Frost controls the thread schedules of replicas by running all threads of a replica non-preemptively on a single core. To scale the program to multiple cores, Frost runs a third replica in parallel to generate checkpoints of the program’s likely future states — these checkpoints let Frost divide program execution into multiple epochs, which it then runs in parallel.

We evaluate Frost using 11 real data race bugs in desktop and server applications. Frost both detects and survives all of these data races. Since Frost runs three replicas, its utilization cost is 3x. However, if there are spare cores to absorb this increased utilization, Frost adds only 3–12% overhead to application runtime.

Wednesday 26^th, 11:30-12:30

Geo-Replication

Transactional storage for geo-replicated systems

PROCEEDINGS

We describe the design and implementation of Walter, a key-value store that provides transactions and replicates data across distant sites. A key feature behind Walter is a new property called Parallel Snapshot Isolation (PSI). PSI allows Walter to replicate data asynchronously across sites, while providing strong guarantees at a single site. PSI precludes write-write conflicts, so that developers need not worry about conflict-resolution logic. To prevent write-write conflicts and implement PSI, Walter uses two new and simple techniques: preferred sites and counting sets. We use Walter to build a social networking application and port a Twitter-like application.
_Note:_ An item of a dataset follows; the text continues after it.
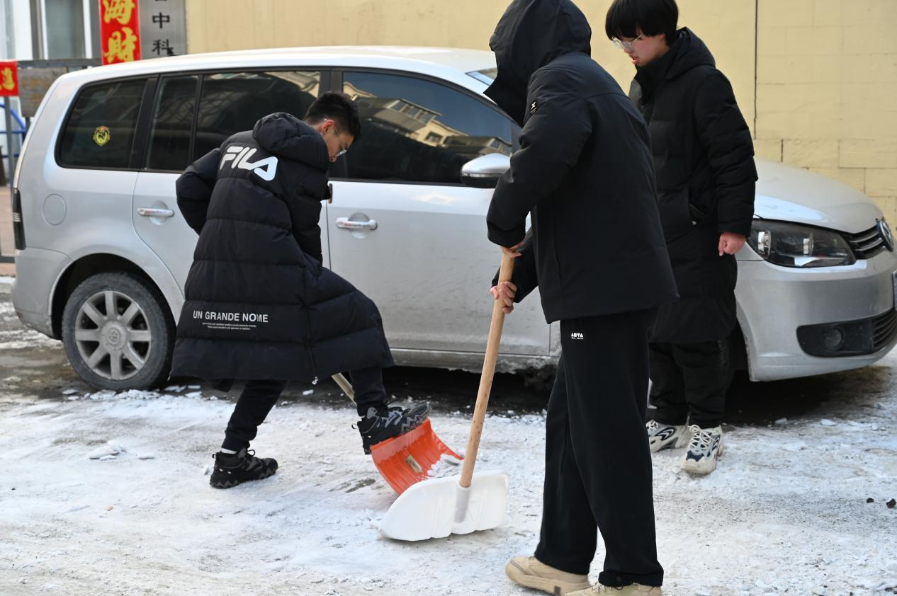 活动当天,志愿者们首先对社区内的主干道、人行道进行了细致的调研,向社区工作人员详细了解积雪的情况和居民的需求,随后志愿者们迅速行动起来,分工合作,有条不紊的开始铲雪除冰作业。在了解到社区内老年人较多后,考虑到居民的出行安全,志愿者们着重对社区内健身设施周围、各单元楼门口、停车场、敬老院周边区域的残留冰雪进行清理,确保居民出行的安全与顺畅。尽管积雪较厚,路面难行,但同学们满怀活力,努力做到“扫过即净,不留余冰”,收获了社区居民及工作人员的广泛认可和赞誉,充分展现了17吃瓜网

Don’t Settle for Eventual: Scalable Causal Consistency for Wide-Area Storage with COPS

PROCEEDINGS

Geo-replicated, distributed data stores that support complex online applications, such as social networks, must provide an “always-on” experience where operations always complete with low latency. Today’s systems often sacrifice strong consistency to achieve these goals, exposing inconsistencies to their clients and necessitating complex application logic. In this paper, we identify and define a consistency model—causal consistency with convergent conflict handling, or causal+—that is the strongest achieved under these constraints.

We present the design and implementation of COPS, a key-value store that delivers this consistency model across the wide-area. A key contribution of COPS is its scalability, which can enforce causal dependencies between keys stored across an entire cluster, rather than a single server like previous systems. The central approach in COPS is tracking and explicitly checking whether causal dependencies between keys are satisfied in the local cluster before exposing writes. Further, in COPS-GT, we introduce get transactions in order to obtain a consistent view of multiple keys without locking or blocking. Our evaluation shows that COPS completes operations in less than a millisecond, provides throughput similar to previous systems when using one server per cluster, and scales well as we increase the number of servers in each cluster. It also shows that COPS-GT provides similar latency, throughput, and scaling to COPS for common workloads.